Table 3

Incident description of severe harm and fatal errors reported to the Norwegian Incident Reporting System in 2016 and 2017, with the assigned medication process stage, error type and therapeutic subgroup

Incident informationIncident description
Error type: contraindication
Degree of harm: severe
Patient age (years): 18–65
Medication process: administration
Antithrombotic agents (B01)
A patient received his usual antithrombotic (apixaban) prior to surgery, although a contraindication existed. After surgery, the patient experienced bleeding in the throat and underwent another surgery to stop the bleeding.
Error type: wrong dose/strength/frequency
Degree of harm: severe
Patient age (years): 18–65
Medication process: administration
Analgesics (N02)
A patient has received 50 mg oxycodone, but was initially prescribed 5 mg. The 10-fold dose was incorrectly transcribed from the previous record in the commentary field, while the prescription was correct.
The patient became drowsy and experienced apnoea episodes up to 30 s over several hours. The patient received naloxone antidote to reverse the opiate effect.
Error type: wrong dose/strength/frequency
Degree of harm: severe
Patient age (years): >65
Medication process: administration
Intravenous solutions: electrolytes
A patient with hypocalcaemia should have recieved 0.3 mmol/kg of CaCl according to his weight of 100 kg. The junior doctor showed the doctor in charge how she had calculated the dose, ie, 0.3 mmol/kg×100 kg=130 mmol. The doctor in charge did not spot the wrongly calculated dose of 130 mmol, instead of the correct 30 mmol.

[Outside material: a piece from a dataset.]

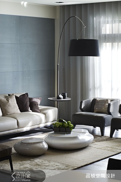 休閒感十足的的客廳中,以大面開窗引入明亮日光,搭配沙發後方那抹自然低調的清水模感牆,再畫龍點睛地配上一盞結合茶几造型的灰色立燈,既統一整體色調,也在實用之餘為空間添入不一樣的視覺效果。

The patient became acutely ill, was moved to the intensive care unit and was given fluids to eliminate the calcium and continuous heart monitoring.
Error type: wrong storage
Degree of harm: severe
Patient age (years): 18–65
Medication process: administration
Therapeutic subgroup: missing
The patient was readmitted to the hospital 3 days after discharge, with a stomach ache. The CT scan revealed a foreign object in the small intestine. The next day, the patient had a tablet of an intact blister pack surgically removed from the small intestine; there was a rupture and suture of two areas within the damaged intestinal wall. The blister pack had not been removed when the tablet was administered/ingested.
Error type: wrong drug
Degree of harm: severe
Patient age (years): 18–65
Medication process: prescribing
Psycholeptics (N05)
The physician prescribed olanzapine even though the patient’s medical record stated a severe reaction to this type of neuroleptics, and that he should only receive quetiapine or clozapine. The patient developed the neuroleptic malignant syndrome, was in a life-threatening state and was hospitalised for several weeks with intensive monitoring.
Error type: wrong route
Degree of harm: death
Patient age (years): 0–17
Medication process: administration
Antineoplastic agents and immunomodulating agents (L01–L04)

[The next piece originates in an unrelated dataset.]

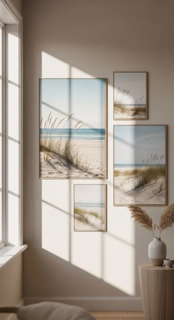 Coastal art feels calm even far from the sea. Stick to soft tones.

The patient was prescribed two drugs, methotrexate (intrathecal) and vincristine (intravenous). During administration, the vincristine syringe was mixed up with the methotrexate syringe, and injected intrathecally. The error was intercepted after 25 min but it was too late.
The child died due to the consequences of the histotoxic drug. Vincristine was delivered in a syringe similar to methotrexate.
This was a well-known error and risk in hospitals.
Error type: omitted medicine or dose
Degree of harm: death
Patient age (years): 18–65
Medication process: prescribing
Antithrombotic agents (B01)
The patient had knee surgery previously and was discharged. The patient was readmitted to the hospital in a critical state. Tests showed multiple bilateral pulmonary embolisms.
The patient was very obese and no thrombosis prophylaxis was stated on his discharge report. The patient died.
Error type: wrong dose/strength/frequency
Degree of harm: death
Patient age (years): >65
Medication process: prescribing
Antibacterials for systemic use (J01)
A patient with renal failure was to be prescribed vancomycin. The physician prescribed 3 g, while the nurse responded that the dose seemed very high. The physician however confirmed that the dose should be given.
The patient died the day after the 3 g dose was administered.